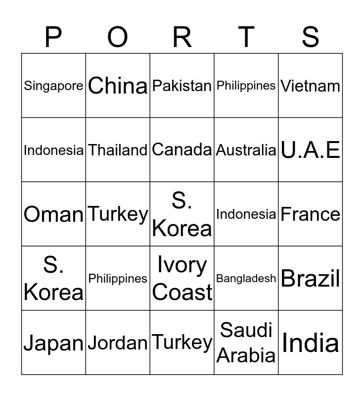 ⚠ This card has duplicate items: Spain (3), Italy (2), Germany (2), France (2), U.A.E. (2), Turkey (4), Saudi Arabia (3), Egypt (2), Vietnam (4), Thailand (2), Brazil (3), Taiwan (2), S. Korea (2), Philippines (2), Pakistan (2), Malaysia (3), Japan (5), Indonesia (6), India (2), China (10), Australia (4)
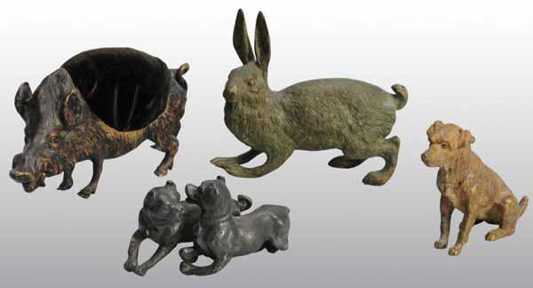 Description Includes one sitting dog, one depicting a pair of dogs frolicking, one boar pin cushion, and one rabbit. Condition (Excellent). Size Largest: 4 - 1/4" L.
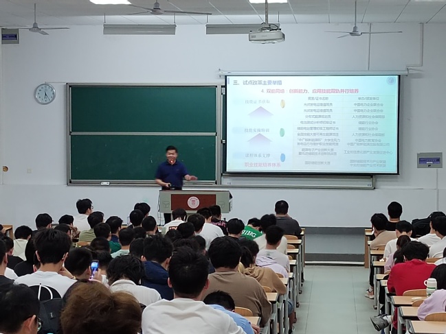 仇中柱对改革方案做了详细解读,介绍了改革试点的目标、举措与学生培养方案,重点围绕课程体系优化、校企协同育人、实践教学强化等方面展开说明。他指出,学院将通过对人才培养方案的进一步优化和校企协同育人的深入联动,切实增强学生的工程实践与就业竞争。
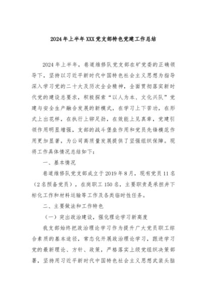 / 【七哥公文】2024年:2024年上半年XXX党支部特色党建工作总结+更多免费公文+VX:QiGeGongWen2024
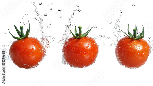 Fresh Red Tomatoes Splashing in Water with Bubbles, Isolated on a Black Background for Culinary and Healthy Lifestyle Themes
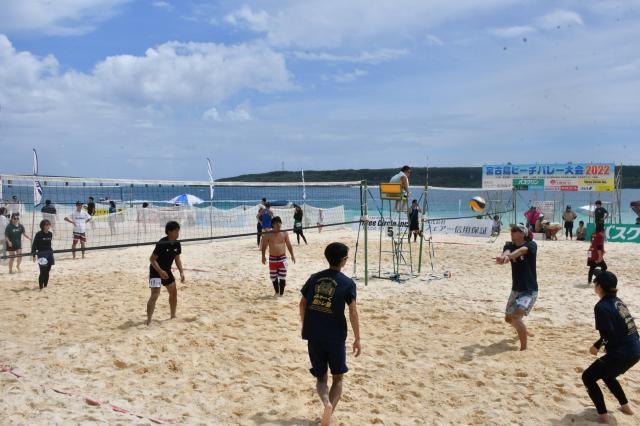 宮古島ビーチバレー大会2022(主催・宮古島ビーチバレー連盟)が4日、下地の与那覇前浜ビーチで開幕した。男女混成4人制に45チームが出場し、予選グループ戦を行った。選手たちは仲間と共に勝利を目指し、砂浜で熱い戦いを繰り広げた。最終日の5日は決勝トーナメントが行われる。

_ _ _ _ _

Exercise description:
Pictures aside, retype all of the entries word for word.

Solution to this exercise:
 ⚠ This card has duplicate items: Spain (3), Italy (2), Germany (2), France (2), U.A.E. (2), Turkey (4), Saudi Arabia (3), Egypt (2), Vietnam (4), Thailand (2), Brazil (3), Taiwan (2), S. Korea (2), Philippines (2), Pakistan (2), Malaysia (3), Japan (5), Indonesia (6), India (2), China (10), Australia (4)
 Description Includes one sitting dog, one depicting a pair of dogs frolicking, one boar pin cushion, and one rabbit. Condition (Excellent). Size Largest: 4 - 1/4" L.
 仇中柱对改革方案做了详细解读,介绍了改革试点的目标、举措与学生培养方案,重点围绕课程体系优化、校企协同育人、实践教学强化等方面展开说明。他指出,学院将通过对人才培养方案的进一步优化和校企协同育人的深入联动,切实增强学生的工程实践与就业竞争。
 / 【七哥公文】2024年:2024年上半年XXX党支部特色党建工作总结+更多免费公文+VX:QiGeGongWen2024
 Fresh Red Tomatoes Splashing in Water with Bubbles, Isolated on a Black Background for Culinary and Healthy Lifestyle Themes
 宮古島ビーチバレー大会2022(主催・宮古島ビーチバレー連盟)が4日、下地の与那覇前浜ビーチで開幕した。男女混成4人制に45チームが出場し、予選グループ戦を行った。選手たちは仲間と共に勝利を目指し、砂浜で熱い戦いを繰り広げた。最終日の5日は決勝トーナメントが行われる。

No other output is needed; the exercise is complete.